To calculate the Exposure Value (EV) difference between my 85mm marked f/1.4 aperture and its actual f/1.6 T-stop, the calculator was set up like this:
EV change from f/1.4 to f/1.6 is 0.33EV
For example, my 85mm lens at the marked f/1.4 aperture had an exposure of 1/1000 second at ISO 400. My TTArtisan 50mm f/0.95 lens, when set to its marked f/1.4 aperture and ISO 400 also needed a shutter speed of 1/1000 second for the correct exposure.
This means that the TTArtisan f/0.95 lens at f/1.4 would also be T-1.6, having the same transmission as the Nikkor 85mm f/1.4 lens at the same marked f/1.4 aperture.

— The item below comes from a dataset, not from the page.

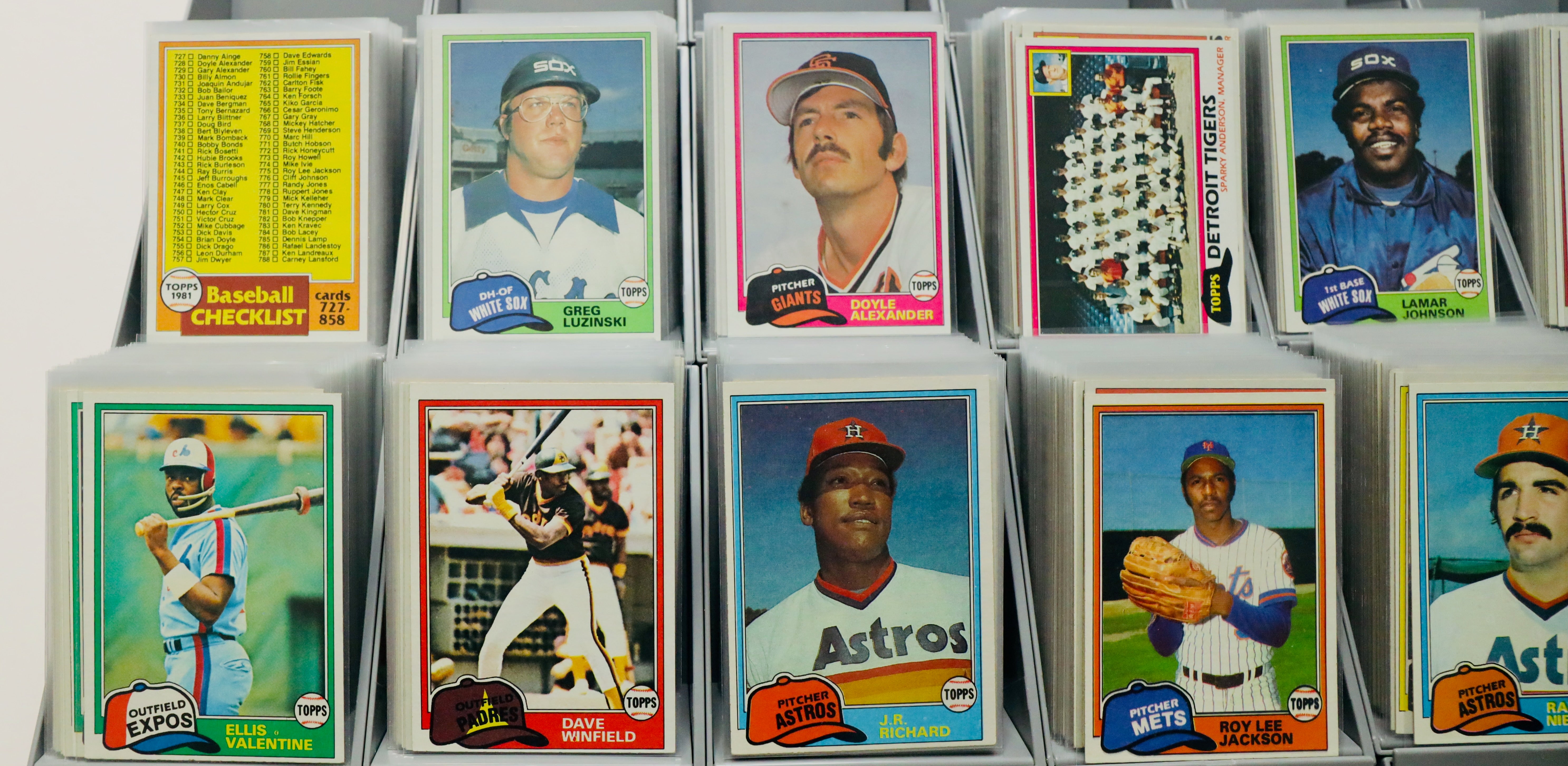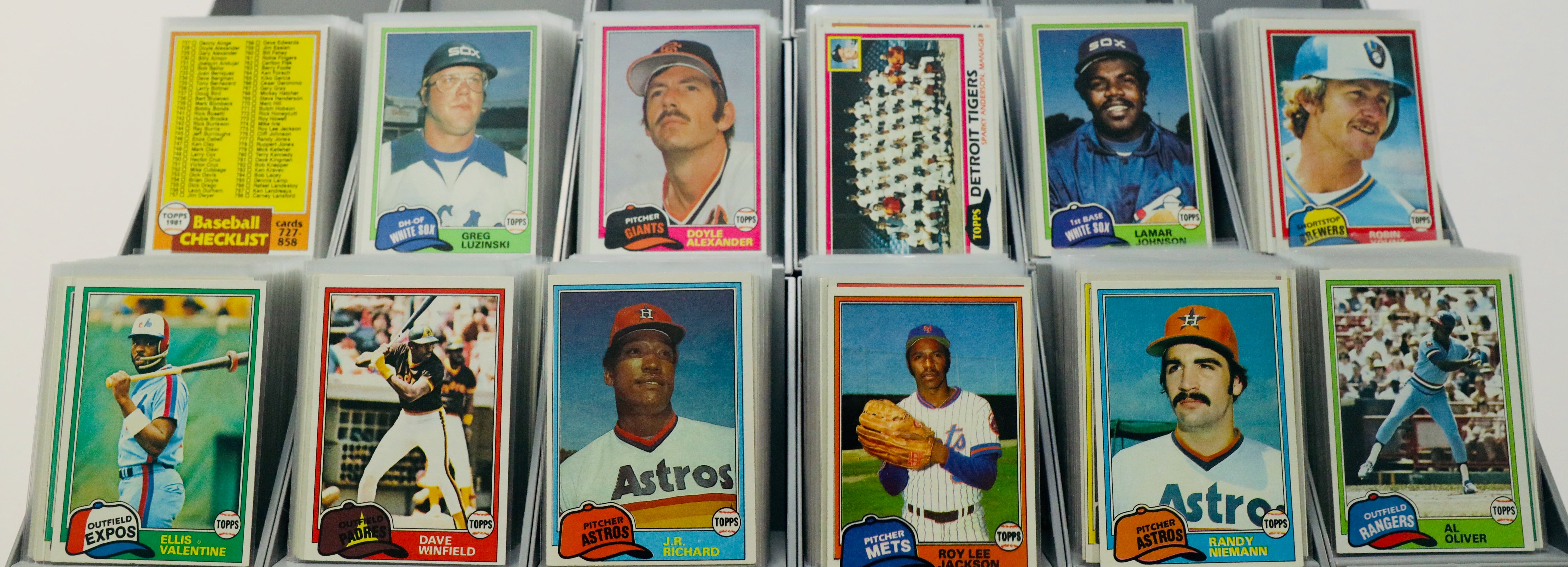Complete 1981 Topps Baseball set (#1–726) plus the 132-card Topps Traded set. Every card is sleeved. Condition varies from Poor to VG+, with key players such as Rickey Henderson, Nolan Ryan, and Fernando Valenzuela.

I set the TTArtisan 50mm lens to a marked f/1.0 (one stop wider than f/1.4), and the camera meter indicated it needed a shutter of 1/1600s.
TTArtisan 50mm f/0.95 lens at f/1.0
The results above indicate that a change from f/1.4 and 1/1000s to f/1.0 and 1/1600s means that the TTArtisan lost another 0.33 stops of light transmission. I was expecting the correct exposure to be 1/2000s at f/1.0. When I then changed to the marked f/0.95 aperture, the meter indicated correct exposure needed a shutter speed of 1/2000s.
Since this TTArtisan wide-open at f/0.95 transmits twice the light of my 85mm Nikkor wide-open, that means that its T-stop would then be T 1.1, which is 1 stop faster than the Nikkor 85mm’s T 1.6.
I guess this lens loses some of its bragging rights, going from “f/0.95” to the actual transmission of T 1.1.